**RECORDS**.
- Opening Delimiter -
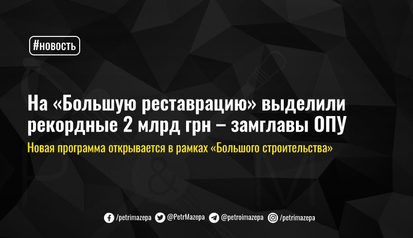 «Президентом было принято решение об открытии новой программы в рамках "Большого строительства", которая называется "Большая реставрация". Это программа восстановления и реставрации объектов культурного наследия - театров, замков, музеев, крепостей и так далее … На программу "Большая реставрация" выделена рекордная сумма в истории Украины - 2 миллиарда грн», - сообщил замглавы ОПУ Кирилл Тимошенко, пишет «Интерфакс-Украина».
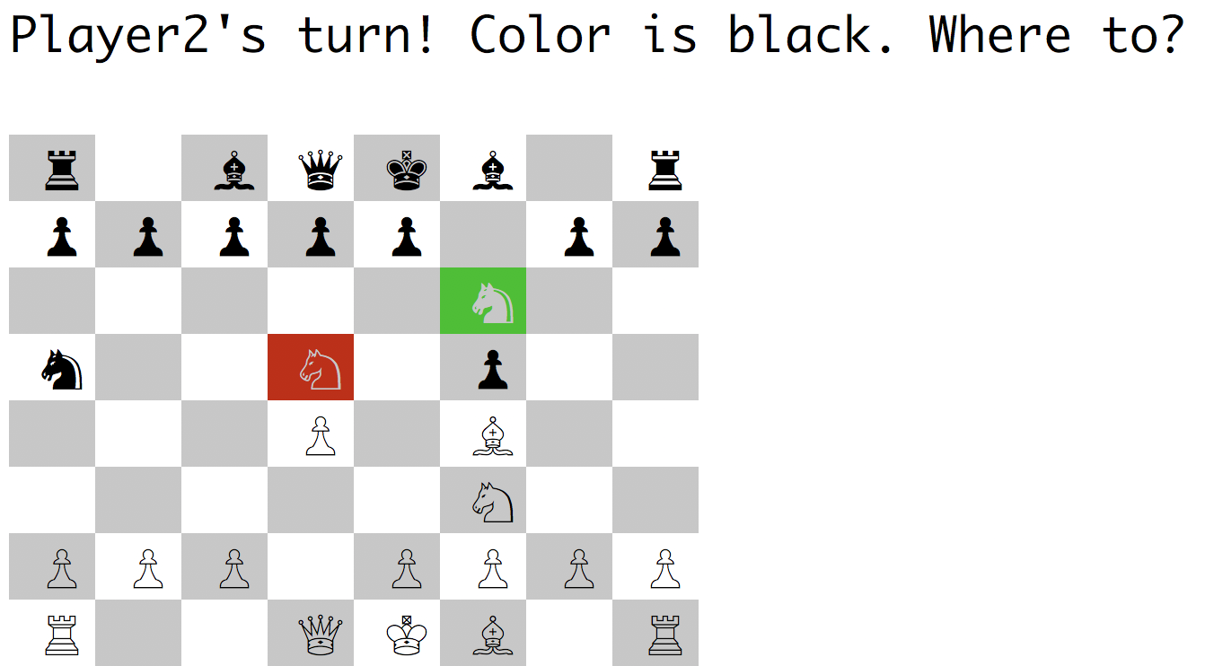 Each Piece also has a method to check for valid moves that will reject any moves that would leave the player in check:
- Closing Delimiter -
- Opening Delimiter -
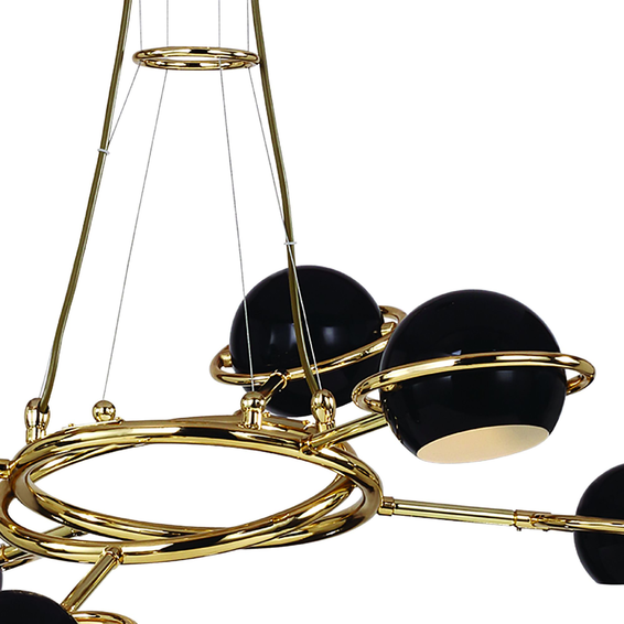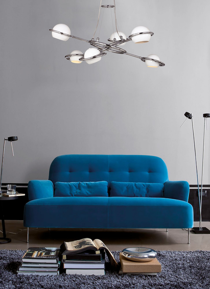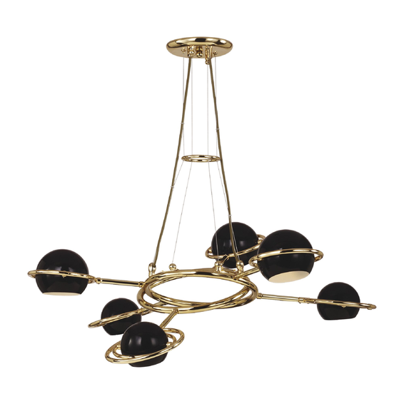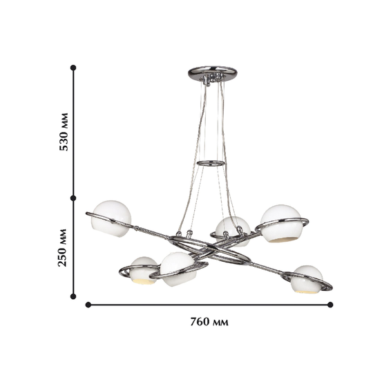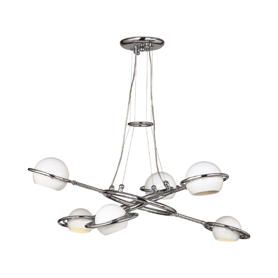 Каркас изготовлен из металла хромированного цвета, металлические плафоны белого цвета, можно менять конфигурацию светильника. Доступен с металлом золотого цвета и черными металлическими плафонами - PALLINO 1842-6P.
- Closing Delimiter -
- Opening Delimiter -
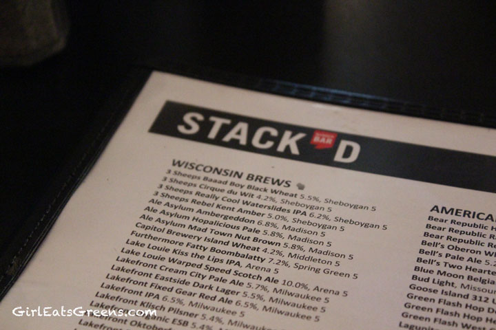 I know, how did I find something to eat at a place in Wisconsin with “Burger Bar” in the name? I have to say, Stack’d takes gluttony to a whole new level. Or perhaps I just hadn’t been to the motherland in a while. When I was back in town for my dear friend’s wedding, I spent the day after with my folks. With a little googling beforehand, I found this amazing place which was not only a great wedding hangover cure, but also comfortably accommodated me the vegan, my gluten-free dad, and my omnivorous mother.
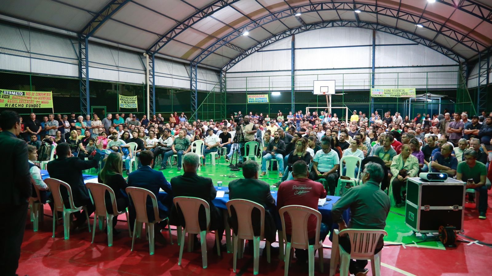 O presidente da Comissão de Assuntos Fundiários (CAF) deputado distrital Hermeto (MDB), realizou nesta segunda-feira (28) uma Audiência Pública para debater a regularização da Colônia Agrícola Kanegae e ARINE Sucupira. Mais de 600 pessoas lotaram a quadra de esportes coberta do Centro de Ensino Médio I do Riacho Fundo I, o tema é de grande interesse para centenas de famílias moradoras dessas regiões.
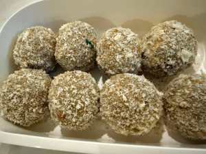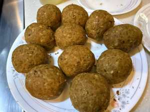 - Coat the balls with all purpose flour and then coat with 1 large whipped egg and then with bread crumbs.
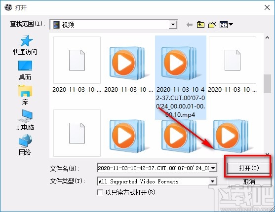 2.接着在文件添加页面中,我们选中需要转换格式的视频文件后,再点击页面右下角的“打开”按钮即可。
- Closing Delimiter -
Among the records above, locate the line containing "I know, how" and the line containing "O presidente da", then transcribe exactly the lines starting at the first and ending at the second, with no pictures.

**ANSWER BOX**.
 I know, how did I find something to eat at a place in Wisconsin with “Burger Bar” in the name? I have to say, Stack’d takes gluttony to a whole new level. Or perhaps I just hadn’t been to the motherland in a while. When I was back in town for my dear friend’s wedding, I spent the day after with my folks. With a little googling beforehand, I found this amazing place which was not only a great wedding hangover cure, but also comfortably accommodated me the vegan, my gluten-free dad, and my omnivorous mother.
 O presidente da Comissão de Assuntos Fundiários (CAF) deputado distrital Hermeto (MDB), realizou nesta segunda-feira (28) uma Audiência Pública para debater a regularização da Colônia Agrícola Kanegae e ARINE Sucupira. Mais de 600 pessoas lotaram a quadra de esportes coberta do Centro de Ensino Médio I do Riacho Fundo I, o tema é de grande interesse para centenas de famílias moradoras dessas regiões.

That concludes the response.